Children with SAD refuse to leave their attachment figures.[6]

Children with SAD experience some of the following symptoms[7]

  • ·a chronic sorrow or extreme anxiety when they experience a real or imagined separation from their attachment figures.
  • A considerable apprehension about losing an attachment figure or any possible danger occurs to them (e.g. car accident, death, disease, etc.).
  • They refuse to leave home since they are afraid of separation.
  • Physical symptoms when they are distanced from their attachment figures (e.g. stomachaches, headache, and vomiting).
  • Nightmares about separation.
  • Rejection to sleep away from an attachment figure.

the brain mechanism:[edit]

School attendance is affected by SAD [6]

Ledoux has shown that anxiety leads to ''Stress response'', which in turn unleashes a  variety of neurotransmitters '' Catecholamines'' including epinephrine, dopamine, and norepinephrine into the nervous system[8]. These neurotransmitters stimulate the heart muscle and may affect the stomach, which in turn leads to a ''fight or fight '' scenario.  They also activate the amygdala (The brain component that controls fear emotions. On the other hand, they may deactivate the prefrontal cortex (the brain component that controls thinking patterns).
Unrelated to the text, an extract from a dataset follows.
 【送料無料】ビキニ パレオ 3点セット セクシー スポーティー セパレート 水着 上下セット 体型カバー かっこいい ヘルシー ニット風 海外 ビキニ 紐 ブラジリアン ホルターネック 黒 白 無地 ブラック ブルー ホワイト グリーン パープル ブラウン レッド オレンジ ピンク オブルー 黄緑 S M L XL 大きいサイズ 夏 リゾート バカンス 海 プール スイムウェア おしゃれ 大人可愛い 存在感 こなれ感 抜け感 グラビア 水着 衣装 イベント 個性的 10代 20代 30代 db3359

Stress also affects hippocampus (the brain region that is responsible mostly for memory and learning). According to a recent study, hippocampus becomes smaller if individuals experience stressful events. They also experience considerable deterioration in memory abilities.

Risk factors:[edit]

Family history:[edit]

As reported by a recent study, mothers, who had disturbed attachments with their caregivers, tend to develop responses to their babies' normative social bids, which in turn lead to malfunctioning social referencing. These responses are associated with mothers' psychopathology (Depression and maternal PSDT)[1]. According to the Social learning theory, humans form habits and learn by observing others in their environment, which in turn highlights the role of family history in SAD sustainability[9].

Environmental issues:[edit]

Individuals, who have a previous traumatic separation from a caregiver, are more likely to experience SAD, school phobia, or depressive spectrum disorders [1].
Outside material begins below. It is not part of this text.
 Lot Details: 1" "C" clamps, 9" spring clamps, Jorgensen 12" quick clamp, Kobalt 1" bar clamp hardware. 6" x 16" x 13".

Life stressors or a traumatic loss:[edit]

It includes risk factors such as death or illness of a loved one, the death of a pet, and parents' separation[1]

Genetics:[edit]

Genetics may lead to development and sustainability of SAD[10]. A recent study has shown that heritability accounted for 73% of the community sample cases. The rates were higher among girls who took part in the study[11].

Diagnosis[edit]

SAD is normal between the early months of childbirth until two years of age(3)[12]. Other studies suggest that it is normal until they reach the age of three or four[13] when they are left in a preschool or a daycare away from their primary caregiver or mother[14]. Based on a recent study, children who left their country at an early age may experience SAD, since they felt separated from their home country, friends, and families [15]. This effect aggravates if they unfamiliar with the language spoken in the new place[15]. In these circumstances, SAD symptoms may disappear as they get accustomed to the new environment. It is diagnosed as a disorder only if the anxiety level exceeds the normal limit that meets the child's age and developmental level, and if it negatively affects the child's life[12].
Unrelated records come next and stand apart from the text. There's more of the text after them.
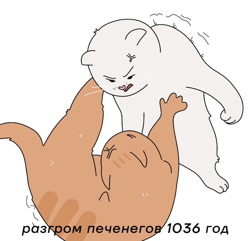 - Разгром печенегов. Ярослав продолжил укреплять южные рубежи государства и воевать с печенегами. Уже в 1036 году он окончательно разбил их под Киевом, после чего они больше не решались нападать на Киевскую Русь.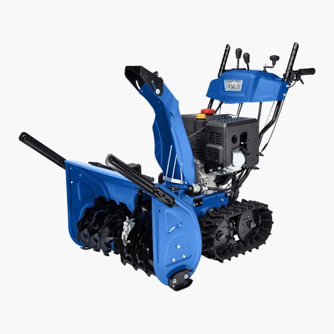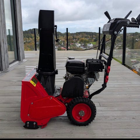 Biltema CST 7113 snøfreser. Utstyrt med beltedrift for bedre fremkommelighet på snødekte underlag. El start, lys og varme i håndtak. Ny i januar 2022.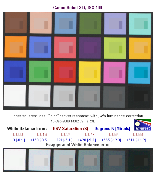 This image shows how the Canon Rebel XTi actually rendered the colors of the Macbeth chart, compared to a numerically ideal treatment. (Apologies for the tilt, the Macbeth chart on our Multi target had slipped slightly in these shots.) In each color swatch, the outer perimeter shows the color as actually captured by the camera, the inner square shows the color after correcting for the luminance of the photographed chart (as determined by a 2nd-order curve fit to the values of the gray swatches), and the small rectangle inside the inner square shows what the color should actually be, based on perfect rendering in the sRGB color space. This image shows the excellent hue accuracy, as well as a gamma curve that results in an overexposure of highly saturated swatches.

To be diagnosed with separation anxiety disorder, children should meet at least three of the aforementioned SAD symptoms(28)[16].             

Classification[edit]

One of the main difficulties in diagnosing SAD is that it is extremely comorbid with other disorders (e.g. GAD). SAD symptoms including School refusal or homesickness can point out to other disorders, which in turn poses a challenge in diagnosing SAD. For instance, common co-morbidities may involve PTSD, panic disorder, Obsessive-Compulsive Disorder (OCD), specific phobias, and personality disorders [17], which in turn manifest the need for a comprehensive assessment of the patient to differentiate between the similarities and differences[18]. A significant indicator to distinguish between separation anxiety disorder and other mental disorders is to check the origin of the child's fear [19].        

Assessment techniques[edit]

They include self-reports, monitoring mother-child relationship, diagnostic interviews from both the child and the mother, and assessment of Preschool children. Many aspects of patient's development should be inspected such as medical issues, social life, sleep and feeding schedules, past traumatic events, and family history. Inspection of the child's life assists in giving a comprehensive understanding of the child's life. Clinicians need to interview (e.g. (ADIS-IV-C/P), (DISC-IV), and (K-SADS-IV)) the mother and child separately to inspect all essential details and information to help them have a full understanding[12].

Self-reports:[edit]

For fully-developed children who have communication and cognitive skills, this method may be helpful [12].

Monitoring:[edit]

Clinicians need to monitor children in different environments and situations (e.g. daycare, home, and preschool)[13]. They also need to observe and monitor interactions between child and parent and spot any behaviours that may promote SAD [12].    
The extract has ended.